= Dataset entries =
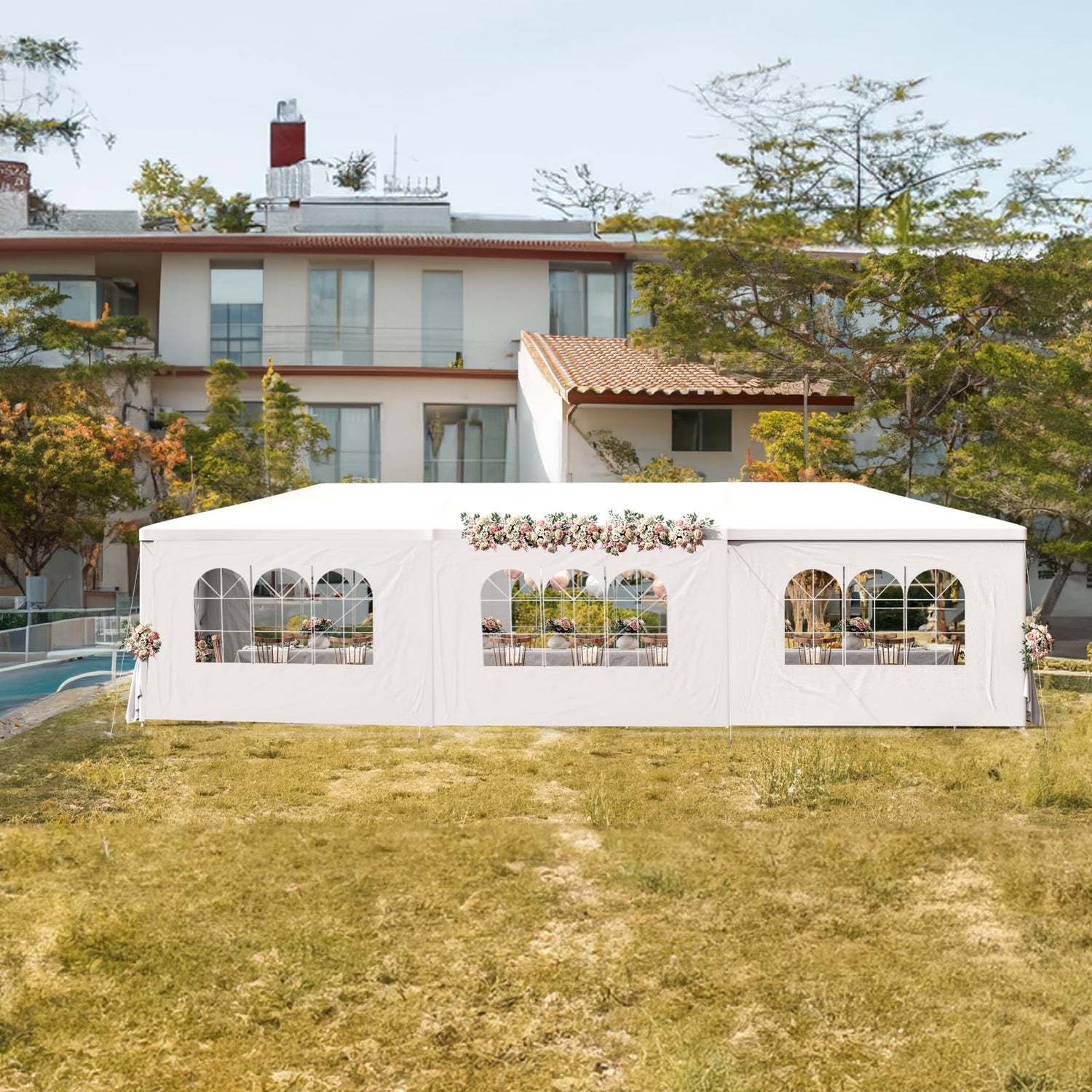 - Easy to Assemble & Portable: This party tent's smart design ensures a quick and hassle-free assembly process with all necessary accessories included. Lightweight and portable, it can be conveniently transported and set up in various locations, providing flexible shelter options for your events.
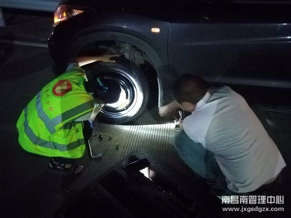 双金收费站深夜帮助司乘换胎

---

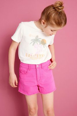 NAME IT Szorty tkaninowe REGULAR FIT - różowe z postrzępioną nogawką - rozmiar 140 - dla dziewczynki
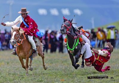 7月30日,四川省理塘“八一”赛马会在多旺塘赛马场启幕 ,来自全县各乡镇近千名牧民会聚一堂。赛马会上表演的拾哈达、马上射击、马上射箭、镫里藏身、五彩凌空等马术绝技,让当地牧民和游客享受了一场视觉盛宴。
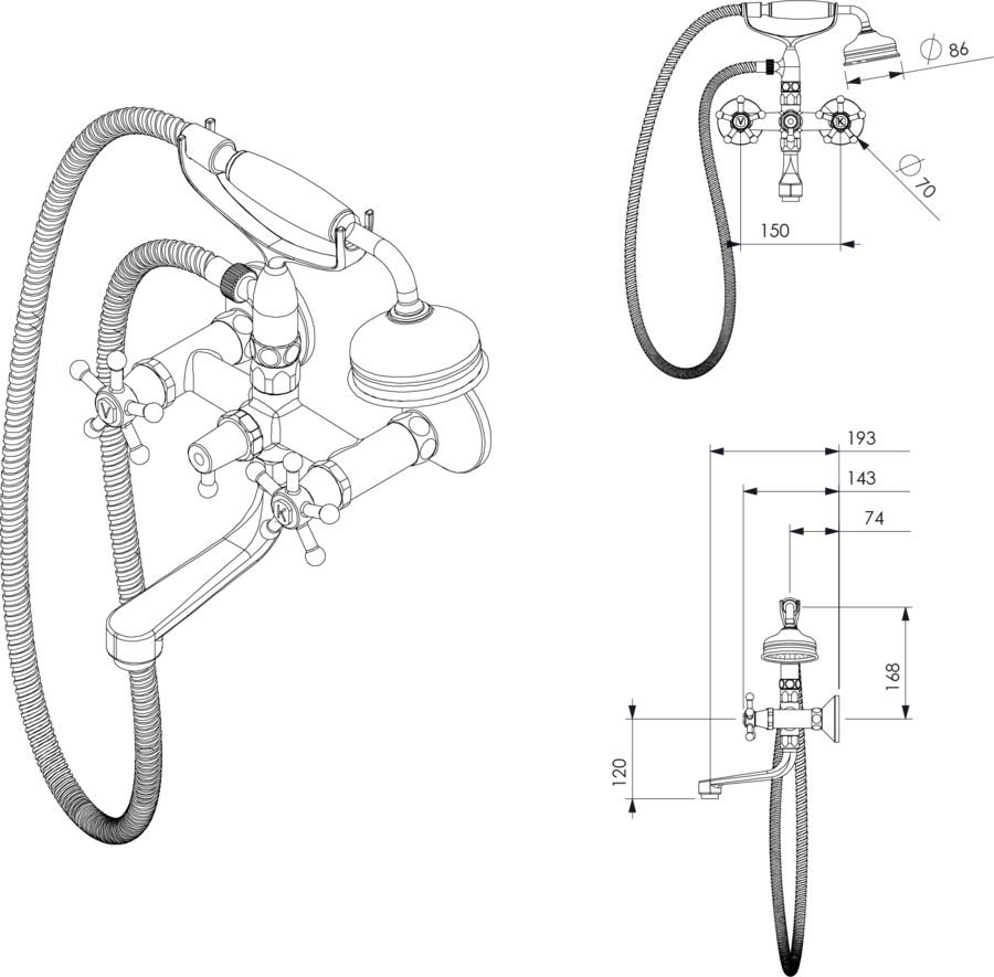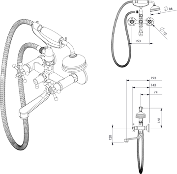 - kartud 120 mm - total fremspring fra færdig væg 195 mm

==

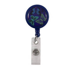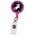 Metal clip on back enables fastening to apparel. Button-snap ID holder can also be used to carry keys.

= Exercise brief =
Keep to the lines above from the line with "- Easy to Assemble" to the line with "双金收费站深夜帮助司乘换胎", and set down exactly those, inclusive, with nothing else and every picture left out.

= Solution =
 - Easy to Assemble & Portable: This party tent's smart design ensures a quick and hassle-free assembly process with all necessary accessories included. Lightweight and portable, it can be conveniently transported and set up in various locations, providing flexible shelter options for your events.
 双金收费站深夜帮助司乘换胎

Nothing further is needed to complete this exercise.